You are viewing a plain text version of this content. The canonical link for it is here.
Posted to dev@opennlp.apache.org by Jörn Kottmann <ko...@gmail.com> on 2014/02/19 11:01:41 UTC

Sequence coding

Hi all,

the chunker and name finder both use IOB2 sequence coding. The logic
to do that is hard coded in both components.

I would like to suggest that we introduce a SequenceCodec interface to 
abstract
this code and make it replaceable with different sequence codecs.
This will allow us to reuse the sequence codec in both components, and 
make it
replaceable with other sequence codecs such as BILOU.

On my NER test datasets the F-Measure went up or down by around 1% depending
on the machine learner and data set with BILOU coding compared to IOB2 
coding.

I didn't do any testing in the chunker.

Any opinions? Is it worth the effort?

Jörn

Re: Sequence coding

Posted by Jörn Kottmann <ko...@gmail.com>.
On 02/19/2014 01:25 PM, William Colen wrote:
> Is the SequenceValidator the only thing we need to change? If a corpus uses
> BILOU, the formatters need to convert it to IOB2?

The format parsing code creates Span objects. The name finder and 
chunker take these Span objects and
then perform IOB2 coding on them (start, cont, other).

The coding is done in to places, first during training the Span are 
encoded, and during tagging the tag sequences
are decoded into Span objects again.

An interface like this could work for the name finder (didn't check the 
chunker yet):
public interface class SequenceCodec {
   Span[] decode(List<String> c);
   String[] encode(Span names[], int length);
   SequenceValidator createSequenceValidator();
}

The Sequence Validator depends of course on the used codec and could be 
created by a factory
method.

Some machine learners e.g. Mallet CRF don't support our sequence 
validation. I am not yet sure how we
handle that case.

Jörn


Re: Sequence coding

Posted by William Colen <wi...@gmail.com>.
Is the SequenceValidator the only thing we need to change? If a corpus uses
BILOU, the formatters need to convert it to IOB2?

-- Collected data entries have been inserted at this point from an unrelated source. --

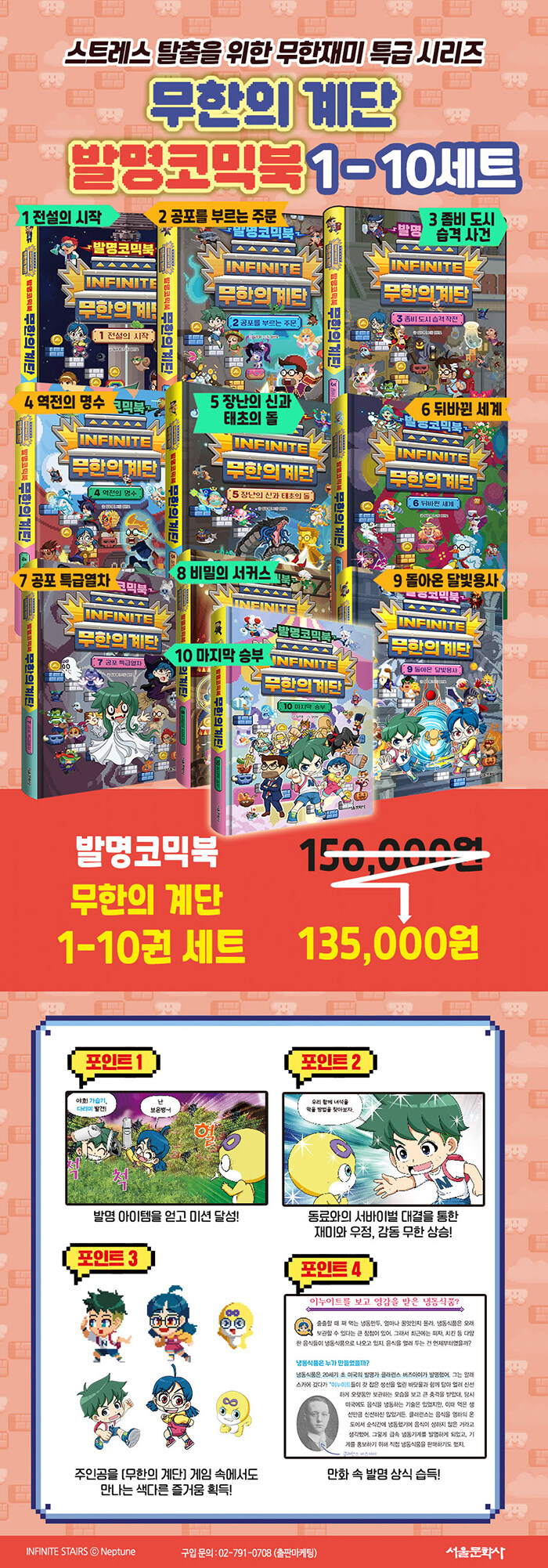 이 책은 <무한의 계단>의 세계관에 ‘발명’이라는 주제를 결합한 코믹북으로, 주인공 한이·단이·피니의 모험을 따라가며 다양한 발명 상식을 자연스럽게 익히도록 구성했다. 미션과 서바이벌, 실패와 재도전을 거치며 목표를 향해 나아가는 과정 속에서 읽는 즐거움과 함께 성장의 의미를 전한다.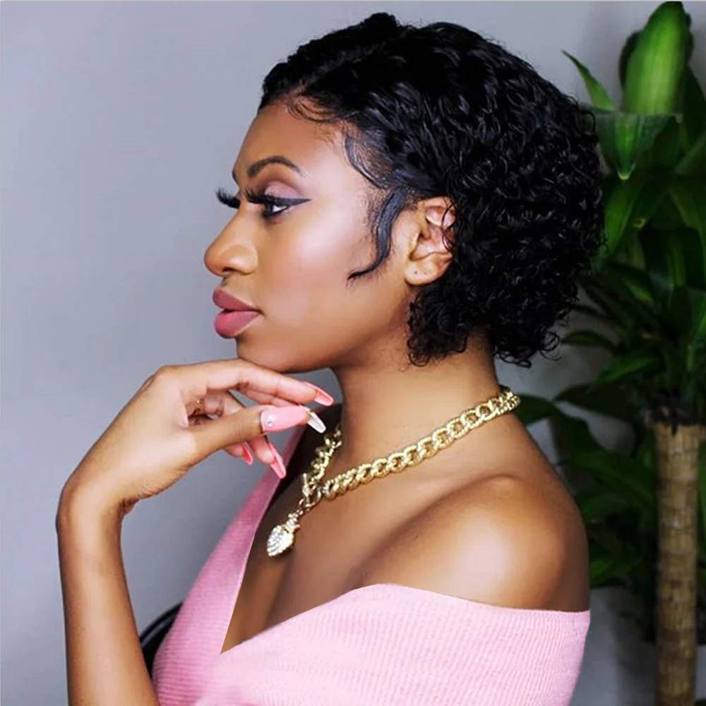 Kinky Curly Human Hair Pixie Cut Wig 4*4 Lace Closure/ T Type Lace Front Wigs Short Curly Bob-Amanda Hair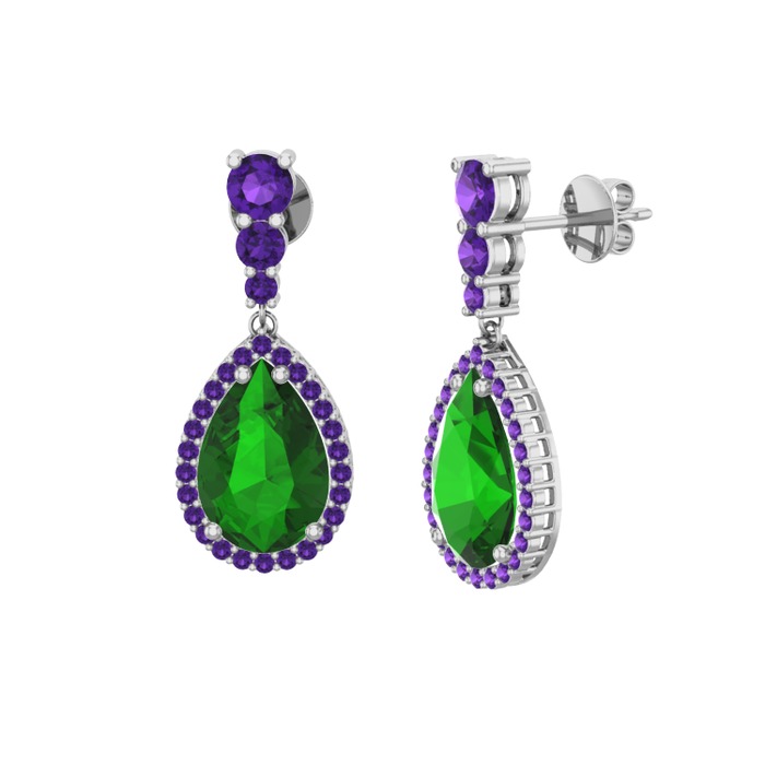 Yeşil kuvars ve ametist 8 ayar beyaz altın küpe
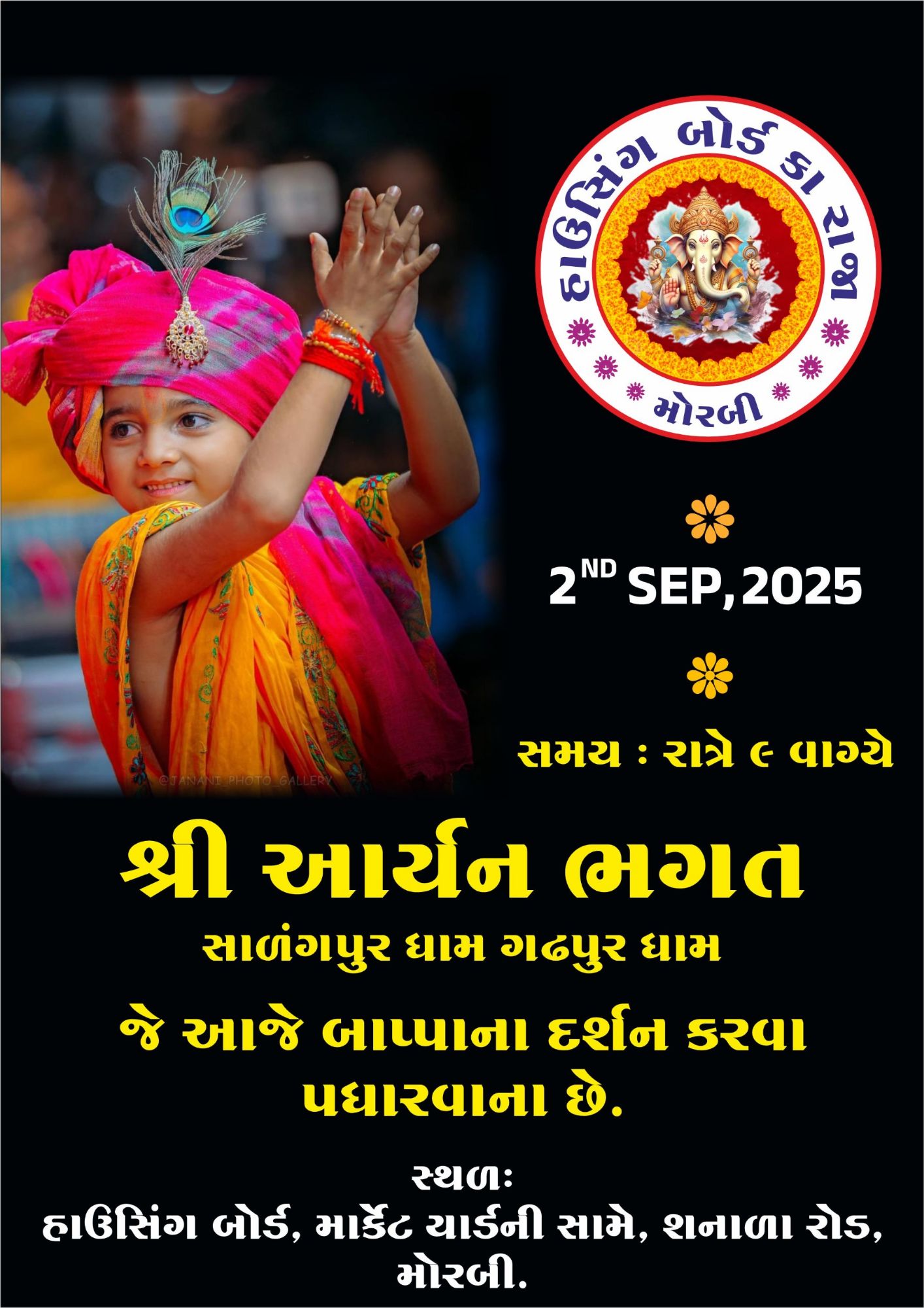 મોરબી : મોરબીના શનાળા રોડ ઉપર આવેલ ન્યુ હાઉસિંગ બોર્ડ ખાતે હાઉસિંગ બોર્ડ કા રાજા નામના ગણેશ મહોત્સવનું સમસ્ત ગુજરાત હાઉસિંગ બોર્ડ વિસ્તાર દ્વારા અયોજન કરવામાં આવ્યું છે. જેમાં દરરોજ વિધ્નહર્તાની પૂજા અર્ચના, આરતી કરીને આરાધના કરવામાં આવે છે. ત્યારે આ ન્યુ હાઉસિંગ બોર્ડ કા નામના ગણેશ મહોત્સવમાં આજે રાત્રે સાળગપુર ધામ ગઢપુર ધામના આર્યન ભગન ગણપતિ બાપ્પાના દર્શનાર્થે પધારશે. તેથી આજે રાત્રે આર્યન ભગત અને જુનિયર કલાકારોના મિમિક્રી શો એમ બે કાર્યક્રમનો દરેક લોકોને લાભ લેવા ભાવભીનું નિમંત્રણ પાઠવ્યું છે.

2014-02-19 7:01 GMT-03:00 Jörn Kottmann <ko...@gmail.com>:

> Hi all,
>
> the chunker and name finder both use IOB2 sequence coding. The logic
> to do that is hard coded in both components.
>
> I would like to suggest that we introduce a SequenceCodec interface to
> abstract
> this code and make it replaceable with different sequence codecs.
> This will allow us to reuse the sequence codec in both components, and
> make it
> replaceable with other sequence codecs such as BILOU.
>
> On my NER test datasets the F-Measure went up or down by around 1%
> depending
> on the machine learner and data set with BILOU coding compared to IOB2
> coding.
>
> I didn't do any testing in the chunker.
>
> Any opinions? Is it worth the effort?
>
> Jörn
>